I’m writing a library that generates Java code at runtime, and so far it’s producing good results.
The problem: some legacy software (read: "adopting polymorphism now is kinda impossible") needs to parse large volumes of data. The conversion logic from PojoA to PojoB is always the same, so writing a simple mapper that specifically implements the logic to move data from PojoA to PojoB, and reusing it to parse a BIG List<PojoA> to List<PojoB>, would be ideal... but we have ~10,000 different Pojo classes (and an unknown number of meaningful source-destination combinations).
Currently, this "parsing" is done via reflection in a ~30k-line Java file that examines POJO variable names and types (which, to be fair, are remarkably consistent across files). Based on source vs destination comparisons, one can often predict the required transformation. For example, if the source POJO has a variable like:
public int variableUniqueID_date_yyyy_MM_dd_nullable;
...and the destination POJO has something like:
public String variableUniqueID_date_MonthNameALLCAPS_notNullable_default_JAN;
...you know there’s a match (yay!), but parsing is required.
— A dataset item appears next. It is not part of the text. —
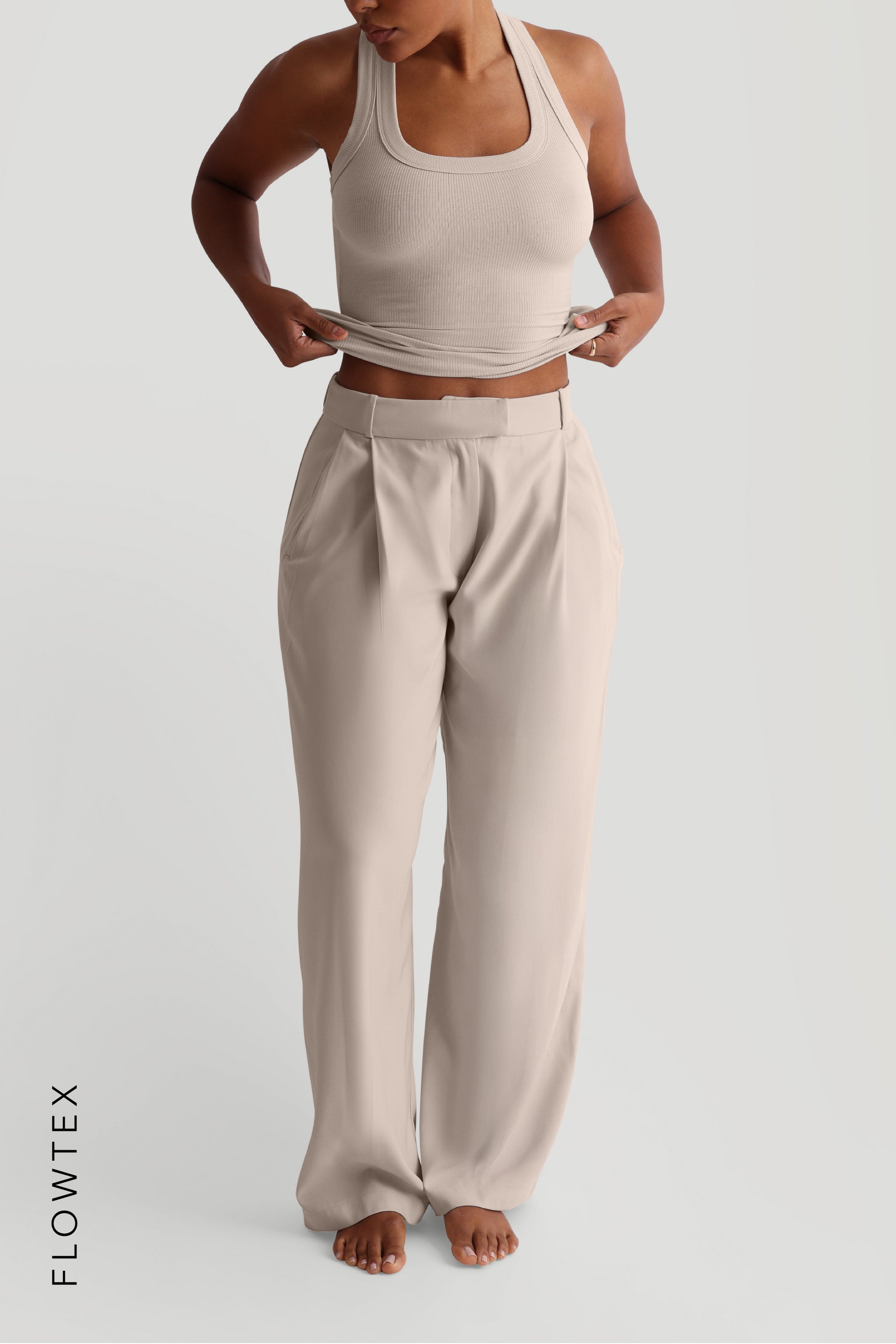 Flowtex Fabric: no stretch, no compression, slightly sheer (lighter colors)

This is currently handled with reflection and a lot of if statements.
This approach has worked for ~20 years (I think... I didn’t write it, the project wasn’t even in Git back then, and I’ve only been at the company a few years). But as data volume has grown exponentially, what used to take ~10 minutes now takes ~7 hours. This is expected, since we’re essentially moving data using reflection and huge switch statements based on variable names and types.
My first solution was to write a program that compared all possible source vs destination POJO files and generated a .java file with exact conversion logic for each pair. After a lot of trial and error, I tested the approach with randomly-picked POJOs and real production data. It worked like a charm! I even ran it overnight to compare results with the legacy solution, and they matched.
However, I didn’t implement this version in production because it would have generated nearly 100 million files... not something our build system could realistically handle :D.
I came up with a better solution: at runtime, I generate the code for the needed POJO pair, compile it using the Java Compiler API, cache the resulting class bytecode in an LRU cache (keyed by the source/destination pair), and begin parsing.
The generated code is quite performant because it’s all inside loop with minimal external function calls (parsing helpers). The generated structure looks like:
List<PojoA> source = ...;
List<PojoB> dest = new ArrayList<>(source.size());
for (int index = 0; index < source.size(); index++) {
PojoA current = source.get(index);
PojoB parsed = new PojoB();
dest.add(parsed);
// parse each variable
{
// logic resulting in parsed.setFirstVariableName(something);
}
{
// logic resulting in parsed.setSecondVariableName(something);
}
// ...
}
Debugging generated code is not simple, but it should not be hard. Sometimes the for-loop body is quite long so I was thinking about putting most (if not all) parsing inside public accessible functions so the result could be something like:
List<PojoA> source = ...;
List<PojoB> dest = new ArrayList<>(source.size());
for (int index = 0; index < source.size(); index++) {
PojoA current = source.get(index);
PojoB parsed = new PojoB();
dest.add(parsed);
// parse each variable
parsed.setFirstVariableName(parseFunctionX(current.getFirstVariableName()));
parsed.setSecondVariableName(parseFunctionY(current.getSecondVariableName()));
// ...
}
This is more readable but might slightly impact performance. To mitigate that, I thought about using the @ForceInline annotation on my parsing functions.
Despite the warning inside the ForceInline class (https://github.com/openjdk/jdk/blob/7ae52ce572794f9d17446c66381f703ea1bb8b7c/src/java.base/share/classes/jdk/internal/vm/annotation/ForceInline.java#L35) I believe my use case is valid. Would you agree?
Also, referencing anything in jdk.internal.vm.annotation.* requires adding:
--add-exports java.base/jdk.internal.vm.annotation=ALL-UNNAMED
to the compiler args. My other questions:
- Do I need to specify this at runtime too?
- If another application imports my code as a library, should they also compile/run with --add-exports?
- Why ALL-UNNAMED? Can I restrict the export to only my code generation module? Or should the class with the to-be-inlined-function be inside said module?
- I read that I need to name my module and define exports in a module-info.java file, how?
- Is this compatible with Maven (my current build system)?